▸ Exercise details
No pictures, please. Output the lines from the start of the data through the line that contains "MEXICO, D.F., 15OCTUBRE2009.- Margarita", both included, exactly as they stand.

▸ Information provided

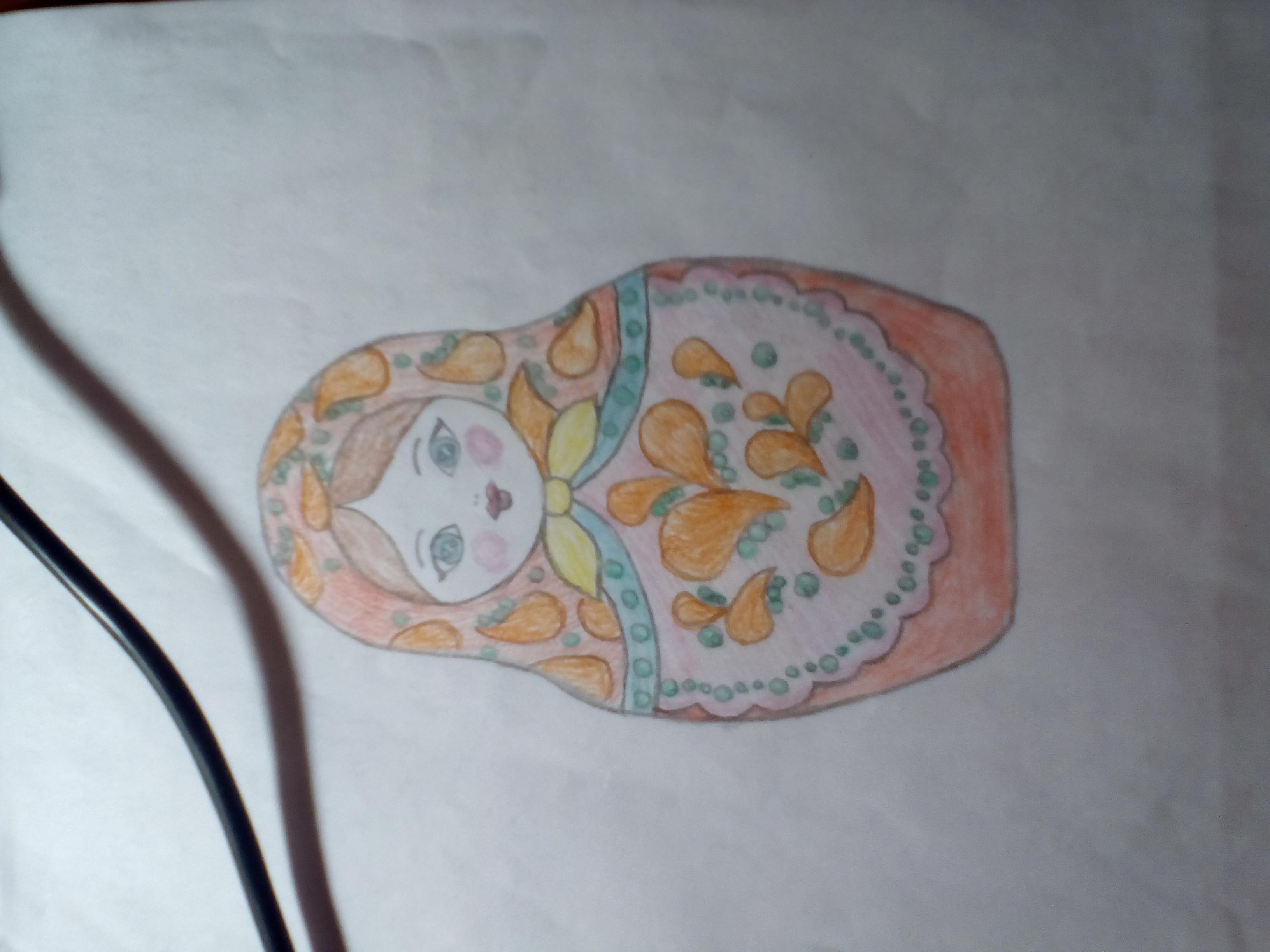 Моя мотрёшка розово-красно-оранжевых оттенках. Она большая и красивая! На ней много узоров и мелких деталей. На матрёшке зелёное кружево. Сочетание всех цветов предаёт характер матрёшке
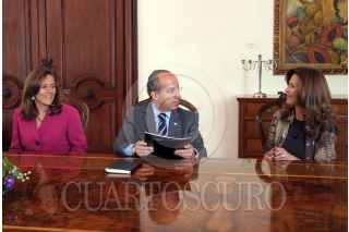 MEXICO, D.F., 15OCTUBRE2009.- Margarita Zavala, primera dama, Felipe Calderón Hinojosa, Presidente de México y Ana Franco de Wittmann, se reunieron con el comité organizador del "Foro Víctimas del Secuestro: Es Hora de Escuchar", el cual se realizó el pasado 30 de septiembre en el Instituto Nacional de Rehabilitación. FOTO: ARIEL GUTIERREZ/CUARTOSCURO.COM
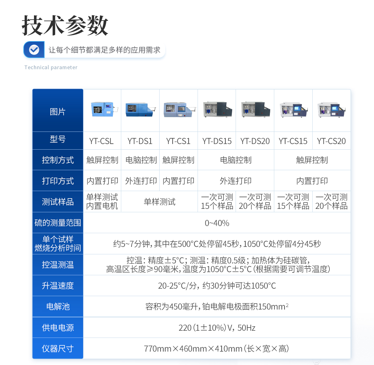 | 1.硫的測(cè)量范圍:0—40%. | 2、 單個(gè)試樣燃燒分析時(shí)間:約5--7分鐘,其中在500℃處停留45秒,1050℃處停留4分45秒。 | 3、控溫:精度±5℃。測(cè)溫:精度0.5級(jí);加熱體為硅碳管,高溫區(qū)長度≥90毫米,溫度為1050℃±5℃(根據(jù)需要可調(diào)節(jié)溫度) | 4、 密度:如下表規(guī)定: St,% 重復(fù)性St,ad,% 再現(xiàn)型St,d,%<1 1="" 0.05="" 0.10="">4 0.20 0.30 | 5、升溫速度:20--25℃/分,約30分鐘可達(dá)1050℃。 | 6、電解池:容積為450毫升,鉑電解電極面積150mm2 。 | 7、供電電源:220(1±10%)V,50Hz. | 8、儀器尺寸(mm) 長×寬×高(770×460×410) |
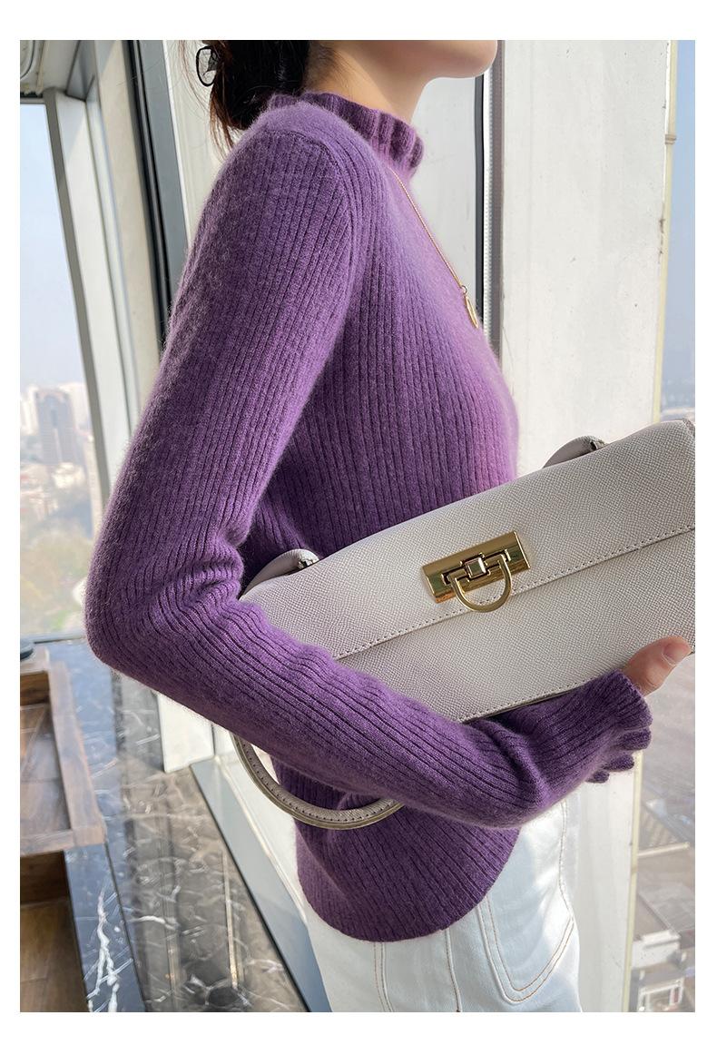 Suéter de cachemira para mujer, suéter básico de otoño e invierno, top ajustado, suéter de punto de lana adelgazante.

▸ Task output
 Моя мотрёшка розово-красно-оранжевых оттенках. Она большая и красивая! На ней много узоров и мелких деталей. На матрёшке зелёное кружево. Сочетание всех цветов предаёт характер матрёшке
 MEXICO, D.F., 15OCTUBRE2009.- Margarita Zavala, primera dama, Felipe Calderón Hinojosa, Presidente de México y Ana Franco de Wittmann, se reunieron con el comité organizador del "Foro Víctimas del Secuestro: Es Hora de Escuchar", el cual se realizó el pasado 30 de septiembre en el Instituto Nacional de Rehabilitación. FOTO: ARIEL GUTIERREZ/CUARTOSCURO.COM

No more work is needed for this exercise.